ENTRIES SHOWN =

BEGIN

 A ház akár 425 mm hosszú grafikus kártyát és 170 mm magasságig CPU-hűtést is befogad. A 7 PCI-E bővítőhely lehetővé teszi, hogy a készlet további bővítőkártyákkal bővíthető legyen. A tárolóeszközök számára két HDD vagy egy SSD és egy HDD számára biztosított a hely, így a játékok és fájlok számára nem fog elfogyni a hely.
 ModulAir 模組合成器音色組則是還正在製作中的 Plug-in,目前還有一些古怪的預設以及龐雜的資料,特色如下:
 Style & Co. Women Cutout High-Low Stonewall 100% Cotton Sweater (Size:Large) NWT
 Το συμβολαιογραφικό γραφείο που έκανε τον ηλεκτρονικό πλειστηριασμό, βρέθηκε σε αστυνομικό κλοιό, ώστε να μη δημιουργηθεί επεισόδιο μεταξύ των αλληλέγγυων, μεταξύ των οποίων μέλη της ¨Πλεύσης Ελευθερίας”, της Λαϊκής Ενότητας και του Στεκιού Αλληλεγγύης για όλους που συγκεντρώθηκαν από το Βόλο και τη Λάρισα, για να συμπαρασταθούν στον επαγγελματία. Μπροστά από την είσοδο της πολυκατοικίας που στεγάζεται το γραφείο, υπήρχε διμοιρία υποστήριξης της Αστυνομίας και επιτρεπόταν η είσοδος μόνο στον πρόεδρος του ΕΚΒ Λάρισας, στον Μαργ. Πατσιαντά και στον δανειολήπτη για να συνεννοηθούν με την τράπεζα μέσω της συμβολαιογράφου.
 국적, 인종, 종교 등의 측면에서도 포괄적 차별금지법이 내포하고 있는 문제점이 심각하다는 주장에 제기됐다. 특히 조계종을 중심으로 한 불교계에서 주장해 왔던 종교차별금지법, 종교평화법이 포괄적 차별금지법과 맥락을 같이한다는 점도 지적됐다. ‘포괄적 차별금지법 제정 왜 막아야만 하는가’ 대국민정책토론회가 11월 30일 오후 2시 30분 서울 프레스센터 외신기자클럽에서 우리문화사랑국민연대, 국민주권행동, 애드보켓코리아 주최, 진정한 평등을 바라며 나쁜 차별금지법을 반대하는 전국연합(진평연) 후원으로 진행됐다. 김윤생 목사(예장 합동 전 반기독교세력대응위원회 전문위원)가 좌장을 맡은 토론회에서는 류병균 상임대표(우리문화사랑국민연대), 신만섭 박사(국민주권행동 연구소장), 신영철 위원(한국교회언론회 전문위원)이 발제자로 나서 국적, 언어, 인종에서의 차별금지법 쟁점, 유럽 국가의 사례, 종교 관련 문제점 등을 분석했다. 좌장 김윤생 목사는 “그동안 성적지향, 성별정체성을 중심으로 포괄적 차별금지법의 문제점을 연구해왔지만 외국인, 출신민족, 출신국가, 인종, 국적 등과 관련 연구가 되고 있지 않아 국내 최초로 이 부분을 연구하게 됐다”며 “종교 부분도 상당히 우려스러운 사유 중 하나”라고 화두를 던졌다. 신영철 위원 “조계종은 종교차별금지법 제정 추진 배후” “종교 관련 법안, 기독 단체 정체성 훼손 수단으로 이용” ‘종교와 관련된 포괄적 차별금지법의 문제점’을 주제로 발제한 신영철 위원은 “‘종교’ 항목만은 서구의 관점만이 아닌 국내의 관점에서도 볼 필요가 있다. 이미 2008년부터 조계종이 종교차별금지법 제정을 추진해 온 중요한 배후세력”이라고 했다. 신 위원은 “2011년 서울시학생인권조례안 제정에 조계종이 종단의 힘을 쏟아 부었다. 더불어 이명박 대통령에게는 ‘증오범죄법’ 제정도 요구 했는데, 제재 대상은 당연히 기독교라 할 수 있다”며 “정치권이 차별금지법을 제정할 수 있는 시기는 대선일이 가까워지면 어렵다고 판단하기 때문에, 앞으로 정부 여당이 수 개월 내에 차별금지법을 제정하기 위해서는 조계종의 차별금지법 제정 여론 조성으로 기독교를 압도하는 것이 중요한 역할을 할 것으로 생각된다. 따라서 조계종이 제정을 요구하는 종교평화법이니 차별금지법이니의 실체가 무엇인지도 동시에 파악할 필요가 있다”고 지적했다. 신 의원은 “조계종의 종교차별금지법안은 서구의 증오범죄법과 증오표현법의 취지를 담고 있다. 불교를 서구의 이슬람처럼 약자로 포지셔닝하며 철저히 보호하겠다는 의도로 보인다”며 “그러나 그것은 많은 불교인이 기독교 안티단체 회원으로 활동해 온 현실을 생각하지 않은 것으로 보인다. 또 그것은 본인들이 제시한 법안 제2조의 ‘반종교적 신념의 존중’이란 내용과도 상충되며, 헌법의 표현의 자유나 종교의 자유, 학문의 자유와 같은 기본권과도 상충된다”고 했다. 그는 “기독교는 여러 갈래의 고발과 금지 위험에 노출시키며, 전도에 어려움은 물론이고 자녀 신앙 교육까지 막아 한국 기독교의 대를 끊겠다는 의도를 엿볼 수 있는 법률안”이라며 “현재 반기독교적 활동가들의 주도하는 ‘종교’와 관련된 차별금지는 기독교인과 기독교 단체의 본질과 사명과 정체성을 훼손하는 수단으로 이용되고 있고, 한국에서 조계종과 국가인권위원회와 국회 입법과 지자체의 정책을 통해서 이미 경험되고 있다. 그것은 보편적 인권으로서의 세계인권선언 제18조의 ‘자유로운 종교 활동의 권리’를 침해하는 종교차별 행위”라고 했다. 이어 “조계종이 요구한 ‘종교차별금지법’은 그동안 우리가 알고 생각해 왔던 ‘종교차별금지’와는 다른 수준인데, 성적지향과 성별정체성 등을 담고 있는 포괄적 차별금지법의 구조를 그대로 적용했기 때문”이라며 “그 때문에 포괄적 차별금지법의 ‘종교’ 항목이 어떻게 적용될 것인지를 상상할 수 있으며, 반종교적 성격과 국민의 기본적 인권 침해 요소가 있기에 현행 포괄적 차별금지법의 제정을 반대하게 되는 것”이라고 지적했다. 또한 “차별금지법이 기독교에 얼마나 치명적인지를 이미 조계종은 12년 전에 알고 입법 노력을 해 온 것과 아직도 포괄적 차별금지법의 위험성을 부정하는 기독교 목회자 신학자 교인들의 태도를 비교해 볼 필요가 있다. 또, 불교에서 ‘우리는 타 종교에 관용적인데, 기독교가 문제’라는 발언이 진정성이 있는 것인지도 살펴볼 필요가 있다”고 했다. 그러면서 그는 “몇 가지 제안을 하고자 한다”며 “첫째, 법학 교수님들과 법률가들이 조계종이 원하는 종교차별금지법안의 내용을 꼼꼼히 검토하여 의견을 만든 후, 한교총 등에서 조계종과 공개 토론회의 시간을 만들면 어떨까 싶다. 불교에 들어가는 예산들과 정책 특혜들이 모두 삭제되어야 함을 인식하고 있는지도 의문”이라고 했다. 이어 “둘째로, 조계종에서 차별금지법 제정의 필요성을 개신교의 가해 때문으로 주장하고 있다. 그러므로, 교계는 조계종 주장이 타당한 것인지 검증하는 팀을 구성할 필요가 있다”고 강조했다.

END
BEGIN

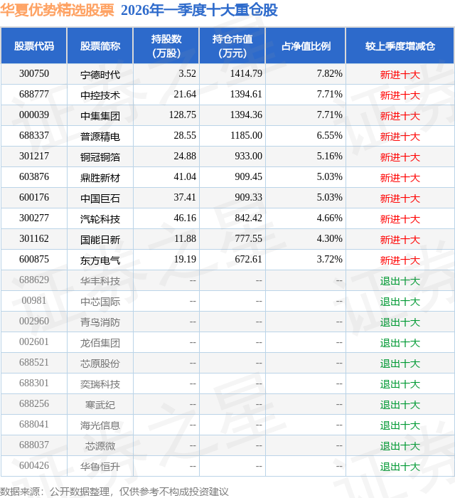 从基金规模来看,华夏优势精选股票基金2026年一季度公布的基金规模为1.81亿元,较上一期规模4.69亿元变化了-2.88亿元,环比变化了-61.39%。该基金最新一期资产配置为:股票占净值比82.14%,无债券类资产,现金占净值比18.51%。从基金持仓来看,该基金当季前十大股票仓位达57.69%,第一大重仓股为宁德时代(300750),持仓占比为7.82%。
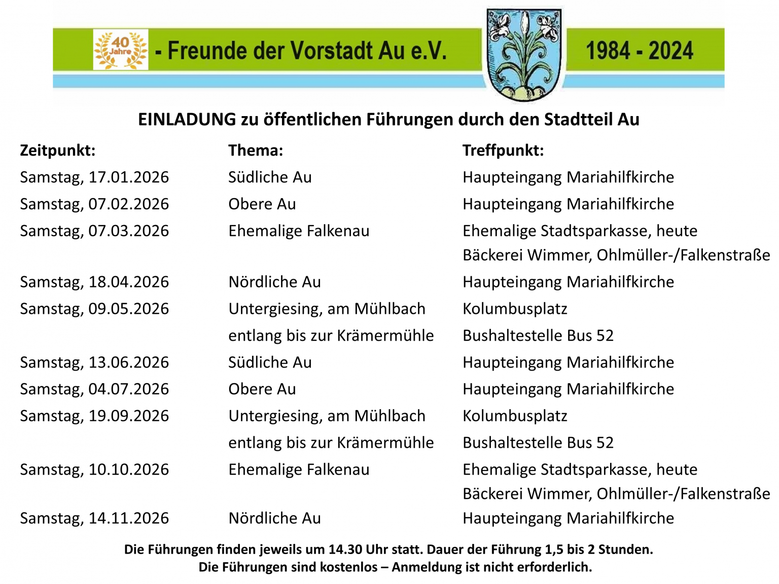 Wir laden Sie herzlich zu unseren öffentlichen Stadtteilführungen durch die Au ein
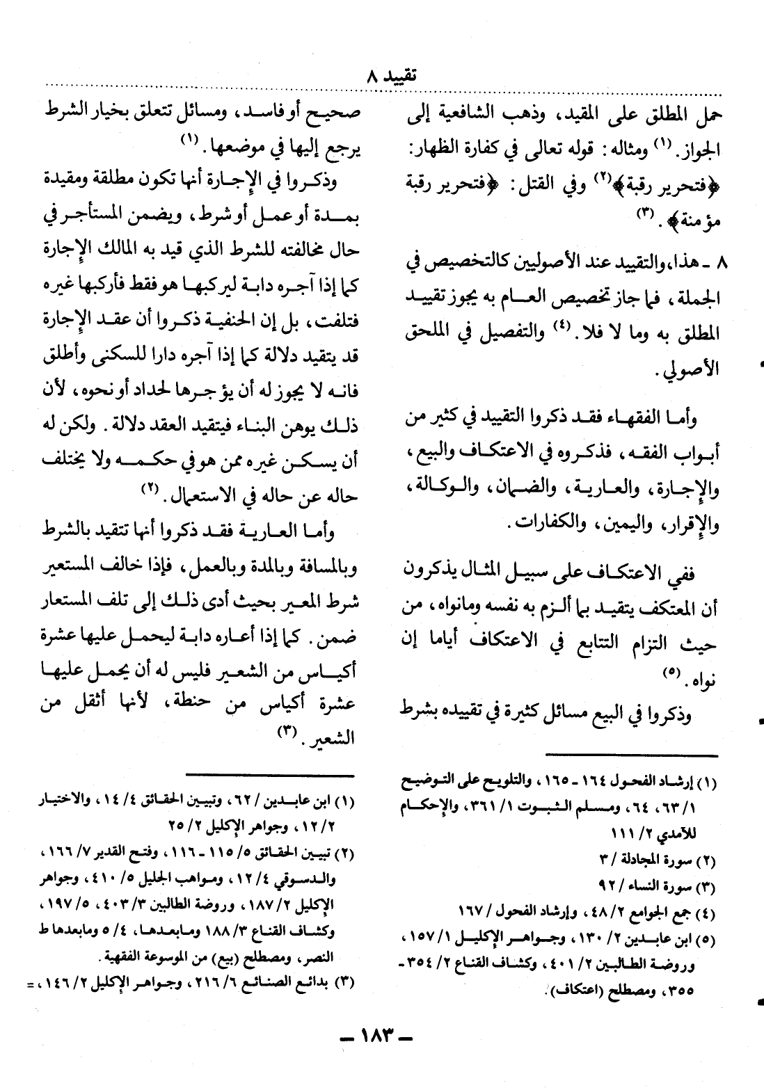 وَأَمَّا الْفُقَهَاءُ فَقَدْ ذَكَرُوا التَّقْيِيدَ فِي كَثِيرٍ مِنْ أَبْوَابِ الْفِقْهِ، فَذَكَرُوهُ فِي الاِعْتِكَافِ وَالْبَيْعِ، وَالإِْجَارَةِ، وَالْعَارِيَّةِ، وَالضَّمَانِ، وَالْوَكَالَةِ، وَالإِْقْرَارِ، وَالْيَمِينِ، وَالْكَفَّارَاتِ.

END

AIM OF THE EXERCISE = Beginning with the line containing "Style & Co." and ending with the line containing "Το συμβολαιογραφικό γραφείο", extract those lines exactly from the listing above, and only those.

RESPONSE AREA =
 Style & Co. Women Cutout High-Low Stonewall 100% Cotton Sweater (Size:Large) NWT
 Το συμβολαιογραφικό γραφείο που έκανε τον ηλεκτρονικό πλειστηριασμό, βρέθηκε σε αστυνομικό κλοιό, ώστε να μη δημιουργηθεί επεισόδιο μεταξύ των αλληλέγγυων, μεταξύ των οποίων μέλη της ¨Πλεύσης Ελευθερίας”, της Λαϊκής Ενότητας και του Στεκιού Αλληλεγγύης για όλους που συγκεντρώθηκαν από το Βόλο και τη Λάρισα, για να συμπαρασταθούν στον επαγγελματία. Μπροστά από την είσοδο της πολυκατοικίας που στεγάζεται το γραφείο, υπήρχε διμοιρία υποστήριξης της Αστυνομίας και επιτρεπόταν η είσοδος μόνο στον πρόεδρος του ΕΚΒ Λάρισας, στον Μαργ. Πατσιαντά και στον δανειολήπτη για να συνεννοηθούν με την τράπεζα μέσω της συμβολαιογράφου.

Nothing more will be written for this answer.